# Basswood



## CWS (Jan 28, 2016)

My neighbor logger asked me if I had any use for a basswood log. It is 18"x60'. I am a turner and call maker so I don't use basswood but I hate to see it go for firewood if there is much of a market for it by carvers.
As a commercial logger he has no market for it.


----------



## ironman123 (Jan 28, 2016)

Good for carvers. I know I would like to get more basswood.


----------



## Fsyxxx (Jan 28, 2016)

Me too!


----------



## Schroedc (Jan 28, 2016)

Looks like there is a market for it and if you have a way to slab it up you'll probably be good. Just be careful as we don't allow threads just to gauge interest in a specific piece (It's to prevent folks from trying to sell stuff they don't own but that doesn't quite seem like the case here) What you'll need to do once you're ready to sell it is cut some specific blocks, post those for sale with prices and pictures and then state you can custom cut the remains of that log to specific sizes if requested with pictures of the log or slabs it was cut into. Let me know if you have any other questions.


----------



## scrimman (Jan 28, 2016)

And we carvers WILL be watching.....


----------



## CWS (Jan 28, 2016)

Schroedc said:


> Looks like there is a market for it and if you have a way to slab it up you'll probably be good. Just be careful as we don't allow threads just to gauge interest in a specific piece (It's to prevent folks from trying to sell stuff they don't own but that doesn't quite seem like the case here) What you'll need to do once you're ready to sell it is cut some specific blocks, post those for sale with prices and pictures and then state you can custom cut the remains of that log to specific sizes if requested with pictures of the log or slabs it was cut into. Let me know if you have any other questions.


Thanks Colin,
Sorry if was close to crossing the line.


----------



## Schroedc (Jan 28, 2016)

CWS said:


> Thanks Colin,
> Sorry if was close to crossing the line.

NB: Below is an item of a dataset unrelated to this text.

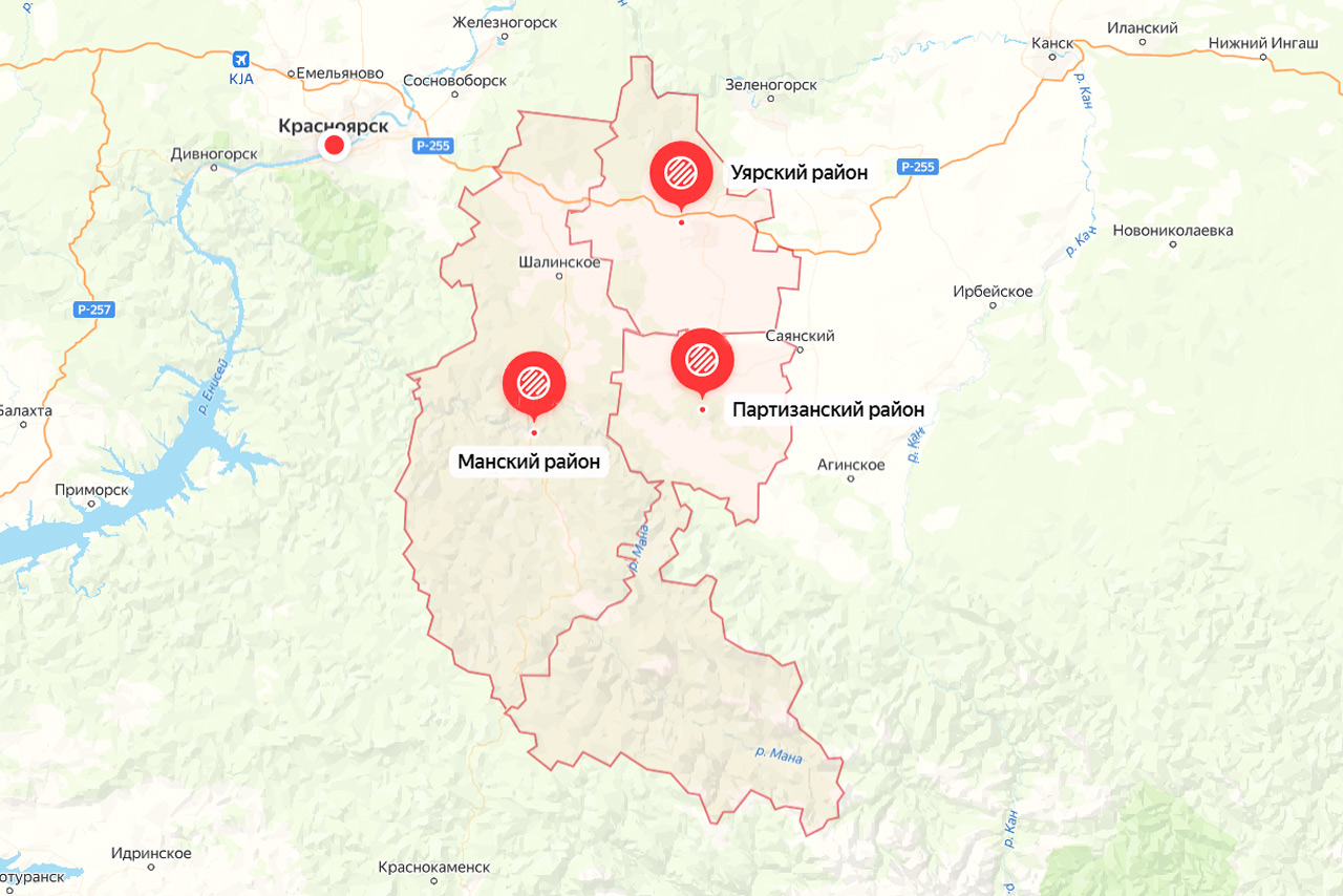 При выборе названия для трех объединенных территорий Манский и Партизанский район условно посчитали за один, так как оба расположены на земле, по которой протекает Мана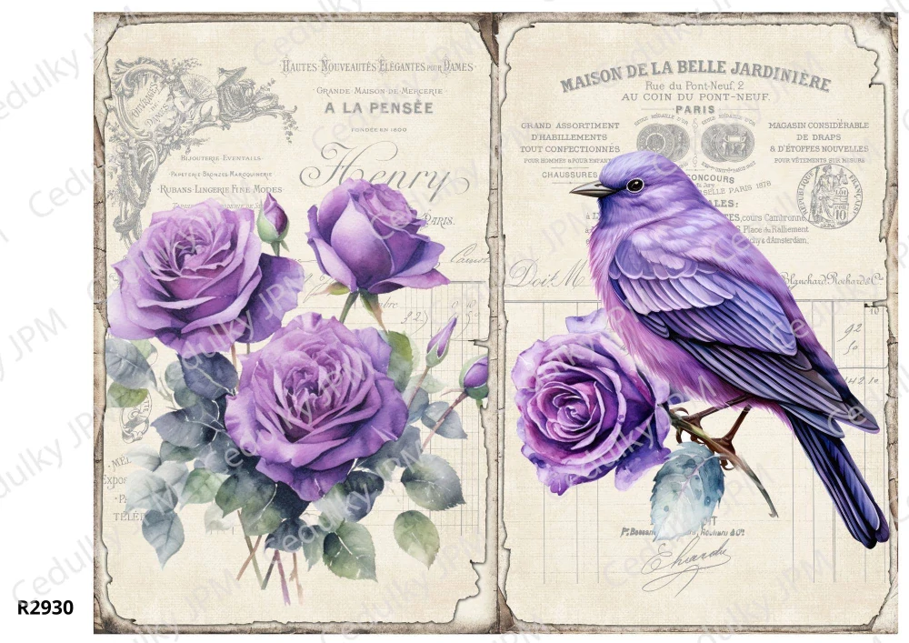 Nejlepší papír na decoupage, běžně označovaný jako „rýžový papír“. Rýžový decoupage papír je ideální pro amatéry i profesionály. Jeho nejdůležitějšími vlastnostmi jsou mimořádná odolnost, snadné "pokládání" na kulaté předměty a především dobře viditelná, velká charakteristická vlákna.

Nah, Not quite there but just wanted to step in before it got out of hand. You're doing all right. I'll be looking forward to seeing the basswood once you whack up that log myself.


----------



## Nature Man (Jan 28, 2016)

Is basswood also good for turning or flatwork? I'm not familiar with it. Chuck


----------



## scrimman (Jan 28, 2016)

To answer you; yes. it is good for both, but where it excels is with fine carving. If you want to see what can be done with Basswood, look up 'Grinling Gibbons'....he was about the best. They say he carved in Limewood, but that's just another name for Basswood.


----------



## Graybeard (Jan 29, 2016)

My brother was a carver and learned in Detroit where they used knives and basswood. He then moved near Dallas, Texas and joined a carving group. They used power tools and tupelo. Whenever he came to visit he'd take a load of basswood home, seems the guys down there liked it.


----------



## barry richardson (Jan 29, 2016)

From what I have seen, it dries great and is very stable, if I didn't have a plan for it, I would cut the log into manageable sections, seal it, sooner or later someone will want it or you will find a use for it, providing you have room. But that's just my opinion, I'm a hoarder...

Reactions: Agree 1


----------



## CWS (Jan 29, 2016)

barry richardson said:


> From what I have seen, it dries great and is very stable, if I didn't have a plan for it, I would cut the log into manageable sections, seal it, sooner or later someone will want it or you will find a use for it, providing you have room. But that's just my opinion, I'm a hoarder...


hoarding is something I resemble


----------